Quote word for word from the line holding "Handmade in Naples" to the last line below, including both, and omit any pictures.

_____

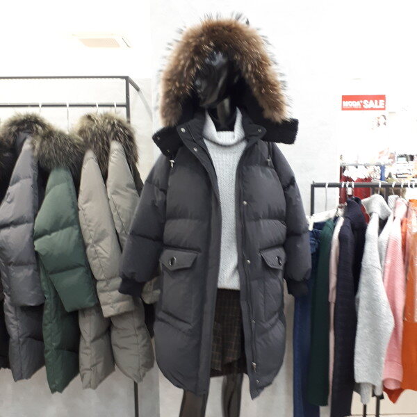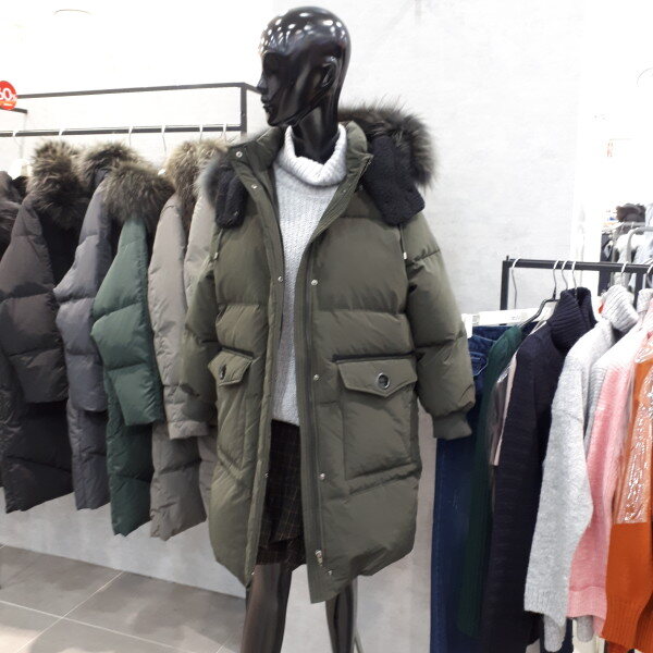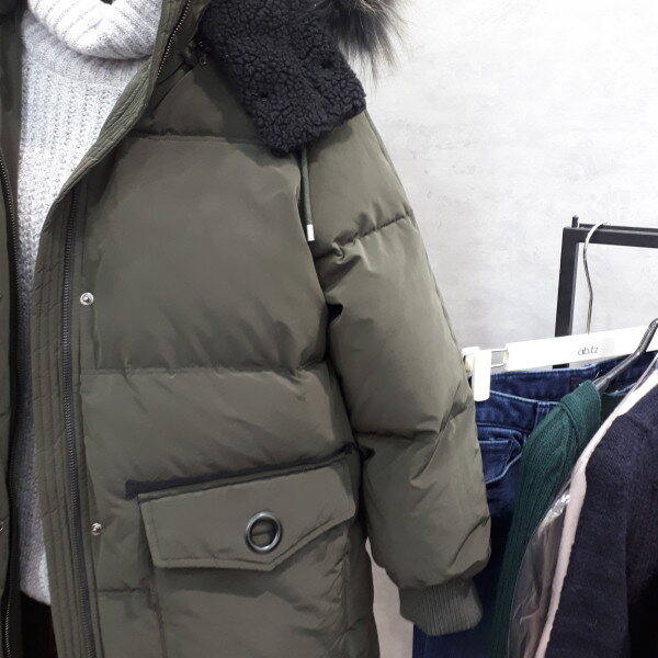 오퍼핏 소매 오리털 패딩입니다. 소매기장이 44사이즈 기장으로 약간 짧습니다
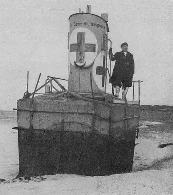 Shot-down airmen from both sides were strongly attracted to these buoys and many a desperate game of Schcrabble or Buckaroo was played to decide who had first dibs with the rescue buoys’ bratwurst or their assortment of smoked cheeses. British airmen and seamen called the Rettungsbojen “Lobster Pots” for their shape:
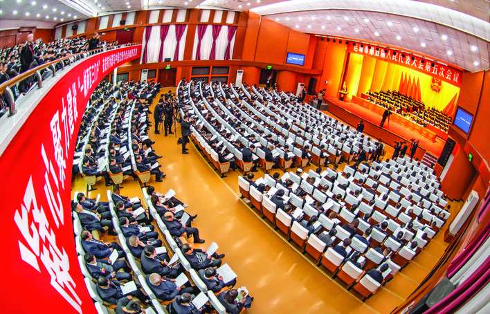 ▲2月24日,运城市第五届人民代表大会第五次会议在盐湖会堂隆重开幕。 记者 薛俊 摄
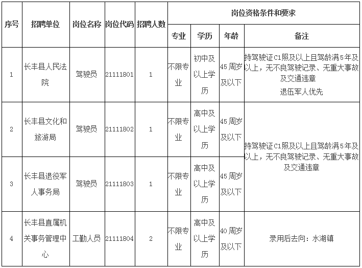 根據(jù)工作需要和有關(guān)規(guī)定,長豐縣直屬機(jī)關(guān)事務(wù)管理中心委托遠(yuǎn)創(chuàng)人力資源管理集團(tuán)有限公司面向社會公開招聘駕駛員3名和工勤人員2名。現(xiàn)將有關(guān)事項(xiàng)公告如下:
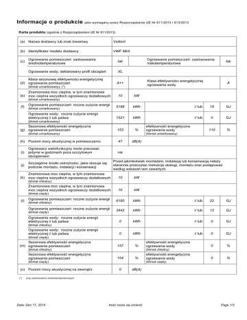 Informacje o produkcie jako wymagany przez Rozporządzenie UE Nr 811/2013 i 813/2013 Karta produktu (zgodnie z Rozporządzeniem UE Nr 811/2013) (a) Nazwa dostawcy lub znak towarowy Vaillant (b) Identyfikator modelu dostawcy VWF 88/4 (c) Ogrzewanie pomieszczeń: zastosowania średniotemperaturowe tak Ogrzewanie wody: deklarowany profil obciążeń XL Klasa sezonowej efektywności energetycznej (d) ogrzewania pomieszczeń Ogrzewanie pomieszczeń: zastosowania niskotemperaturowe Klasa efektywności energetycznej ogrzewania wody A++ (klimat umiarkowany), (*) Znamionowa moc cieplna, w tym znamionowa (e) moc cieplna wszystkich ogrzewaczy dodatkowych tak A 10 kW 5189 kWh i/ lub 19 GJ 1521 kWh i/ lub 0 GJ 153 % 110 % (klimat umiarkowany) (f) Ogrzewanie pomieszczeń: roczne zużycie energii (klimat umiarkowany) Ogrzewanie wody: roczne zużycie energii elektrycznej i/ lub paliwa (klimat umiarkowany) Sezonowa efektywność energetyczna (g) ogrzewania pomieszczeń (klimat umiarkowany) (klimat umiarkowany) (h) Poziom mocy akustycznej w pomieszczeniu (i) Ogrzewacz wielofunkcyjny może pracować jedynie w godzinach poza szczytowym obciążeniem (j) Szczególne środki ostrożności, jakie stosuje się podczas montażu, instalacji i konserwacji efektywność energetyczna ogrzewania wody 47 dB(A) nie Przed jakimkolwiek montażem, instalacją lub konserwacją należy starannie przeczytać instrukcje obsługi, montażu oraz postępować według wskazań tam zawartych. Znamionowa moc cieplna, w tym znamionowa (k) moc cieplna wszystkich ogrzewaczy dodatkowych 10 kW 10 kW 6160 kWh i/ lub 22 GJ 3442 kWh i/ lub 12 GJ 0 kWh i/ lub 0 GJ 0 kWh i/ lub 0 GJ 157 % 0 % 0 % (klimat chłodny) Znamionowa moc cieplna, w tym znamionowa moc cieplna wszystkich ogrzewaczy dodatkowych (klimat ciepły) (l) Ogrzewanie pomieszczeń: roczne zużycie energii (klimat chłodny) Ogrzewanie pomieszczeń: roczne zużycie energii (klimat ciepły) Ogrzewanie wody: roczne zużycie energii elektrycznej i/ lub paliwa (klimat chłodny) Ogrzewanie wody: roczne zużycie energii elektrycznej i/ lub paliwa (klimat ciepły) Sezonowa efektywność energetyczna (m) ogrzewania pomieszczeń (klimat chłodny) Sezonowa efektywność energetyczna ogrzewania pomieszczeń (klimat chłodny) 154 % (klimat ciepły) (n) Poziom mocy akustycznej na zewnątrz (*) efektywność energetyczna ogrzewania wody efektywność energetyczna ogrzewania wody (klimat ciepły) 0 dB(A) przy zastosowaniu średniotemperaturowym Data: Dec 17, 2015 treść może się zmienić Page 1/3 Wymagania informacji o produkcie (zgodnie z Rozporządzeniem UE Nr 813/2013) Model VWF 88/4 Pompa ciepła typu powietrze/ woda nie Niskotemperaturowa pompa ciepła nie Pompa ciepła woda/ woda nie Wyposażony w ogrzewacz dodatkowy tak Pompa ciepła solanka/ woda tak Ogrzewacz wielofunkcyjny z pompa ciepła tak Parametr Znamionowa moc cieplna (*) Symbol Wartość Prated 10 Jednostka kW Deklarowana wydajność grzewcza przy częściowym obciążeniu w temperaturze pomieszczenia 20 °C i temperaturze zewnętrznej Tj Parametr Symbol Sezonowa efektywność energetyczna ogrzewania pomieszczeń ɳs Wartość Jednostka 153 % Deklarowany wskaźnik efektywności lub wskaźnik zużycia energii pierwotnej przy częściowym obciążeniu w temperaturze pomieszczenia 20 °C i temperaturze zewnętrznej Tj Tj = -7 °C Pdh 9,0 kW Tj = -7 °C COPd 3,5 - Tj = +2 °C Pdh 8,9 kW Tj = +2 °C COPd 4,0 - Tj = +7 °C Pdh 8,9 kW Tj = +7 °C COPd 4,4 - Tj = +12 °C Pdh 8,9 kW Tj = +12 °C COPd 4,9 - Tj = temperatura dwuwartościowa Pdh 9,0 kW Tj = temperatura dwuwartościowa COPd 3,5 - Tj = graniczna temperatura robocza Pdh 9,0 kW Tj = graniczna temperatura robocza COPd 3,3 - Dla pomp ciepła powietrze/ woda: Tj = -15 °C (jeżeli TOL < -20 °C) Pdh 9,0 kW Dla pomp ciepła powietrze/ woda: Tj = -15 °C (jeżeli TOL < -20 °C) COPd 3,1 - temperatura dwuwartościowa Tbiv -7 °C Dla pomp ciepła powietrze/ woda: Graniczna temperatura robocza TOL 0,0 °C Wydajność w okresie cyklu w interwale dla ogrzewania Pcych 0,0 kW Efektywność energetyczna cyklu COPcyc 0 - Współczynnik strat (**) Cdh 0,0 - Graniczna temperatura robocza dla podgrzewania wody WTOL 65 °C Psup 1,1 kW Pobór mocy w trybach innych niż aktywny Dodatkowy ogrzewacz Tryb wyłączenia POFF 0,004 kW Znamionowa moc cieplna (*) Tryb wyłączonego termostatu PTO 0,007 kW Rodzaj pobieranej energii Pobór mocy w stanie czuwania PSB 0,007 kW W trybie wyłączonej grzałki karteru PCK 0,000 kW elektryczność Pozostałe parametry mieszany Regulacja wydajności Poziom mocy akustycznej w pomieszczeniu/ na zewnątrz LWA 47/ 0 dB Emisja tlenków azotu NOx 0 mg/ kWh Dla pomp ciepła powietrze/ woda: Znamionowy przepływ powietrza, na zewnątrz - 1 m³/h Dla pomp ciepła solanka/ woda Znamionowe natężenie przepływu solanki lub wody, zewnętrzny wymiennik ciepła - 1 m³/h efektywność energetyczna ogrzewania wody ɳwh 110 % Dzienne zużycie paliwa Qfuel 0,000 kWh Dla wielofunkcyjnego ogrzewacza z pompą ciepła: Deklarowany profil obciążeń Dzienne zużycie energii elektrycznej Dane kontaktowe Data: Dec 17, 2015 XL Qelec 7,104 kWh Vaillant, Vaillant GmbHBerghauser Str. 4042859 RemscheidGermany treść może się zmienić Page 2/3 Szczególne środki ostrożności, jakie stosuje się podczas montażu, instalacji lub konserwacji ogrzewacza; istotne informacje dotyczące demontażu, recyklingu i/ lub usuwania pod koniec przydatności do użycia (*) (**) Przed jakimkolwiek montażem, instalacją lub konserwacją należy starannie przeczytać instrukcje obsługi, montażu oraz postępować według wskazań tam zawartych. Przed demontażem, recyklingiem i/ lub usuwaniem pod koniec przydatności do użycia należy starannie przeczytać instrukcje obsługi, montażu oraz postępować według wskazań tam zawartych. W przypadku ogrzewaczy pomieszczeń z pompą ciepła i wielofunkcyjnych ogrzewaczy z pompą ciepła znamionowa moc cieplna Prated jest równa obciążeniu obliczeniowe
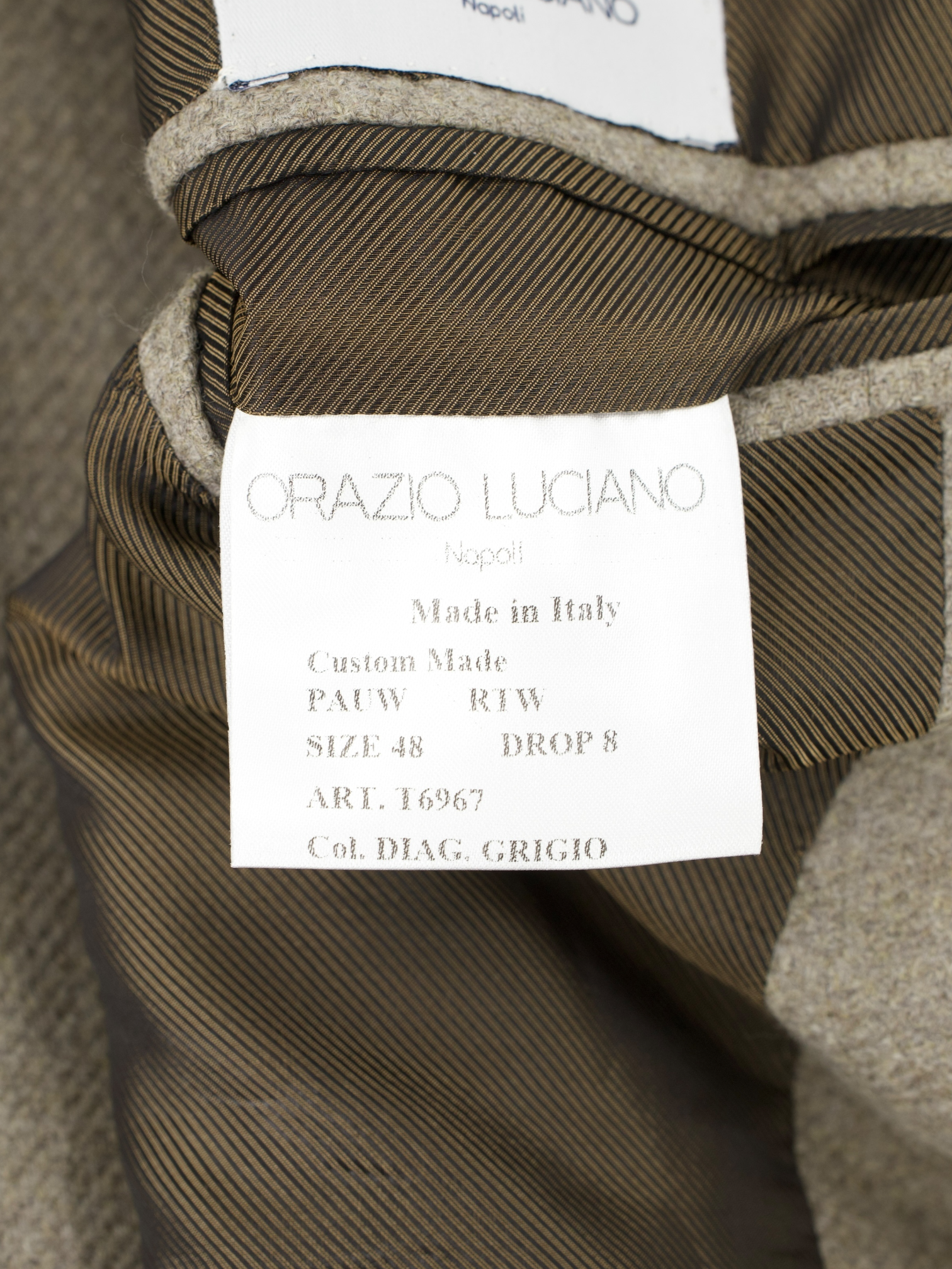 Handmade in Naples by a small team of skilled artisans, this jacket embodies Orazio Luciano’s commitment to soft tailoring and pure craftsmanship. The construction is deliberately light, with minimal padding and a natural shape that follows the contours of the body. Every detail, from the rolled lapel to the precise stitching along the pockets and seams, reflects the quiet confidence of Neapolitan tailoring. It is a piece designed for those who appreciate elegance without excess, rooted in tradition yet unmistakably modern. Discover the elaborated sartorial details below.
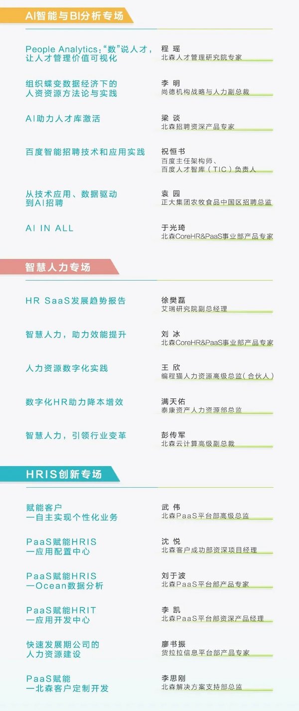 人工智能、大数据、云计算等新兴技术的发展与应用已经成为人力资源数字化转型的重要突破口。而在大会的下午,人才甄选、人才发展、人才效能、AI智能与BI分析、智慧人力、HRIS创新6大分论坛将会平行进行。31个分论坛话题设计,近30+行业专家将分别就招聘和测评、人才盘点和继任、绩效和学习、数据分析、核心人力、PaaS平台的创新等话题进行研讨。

_____

- Finished task -
 Handmade in Naples by a small team of skilled artisans, this jacket embodies Orazio Luciano’s commitment to soft tailoring and pure craftsmanship. The construction is deliberately light, with minimal padding and a natural shape that follows the contours of the body. Every detail, from the rolled lapel to the precise stitching along the pockets and seams, reflects the quiet confidence of Neapolitan tailoring. It is a piece designed for those who appreciate elegance without excess, rooted in tradition yet unmistakably modern. Discover the elaborated sartorial details below.
 人工智能、大数据、云计算等新兴技术的发展与应用已经成为人力资源数字化转型的重要突破口。而在大会的下午,人才甄选、人才发展、人才效能、AI智能与BI分析、智慧人力、HRIS创新6大分论坛将会平行进行。31个分论坛话题设计,近30+行业专家将分别就招聘和测评、人才盘点和继任、绩效和学习、数据分析、核心人力、PaaS平台的创新等话题进行研讨。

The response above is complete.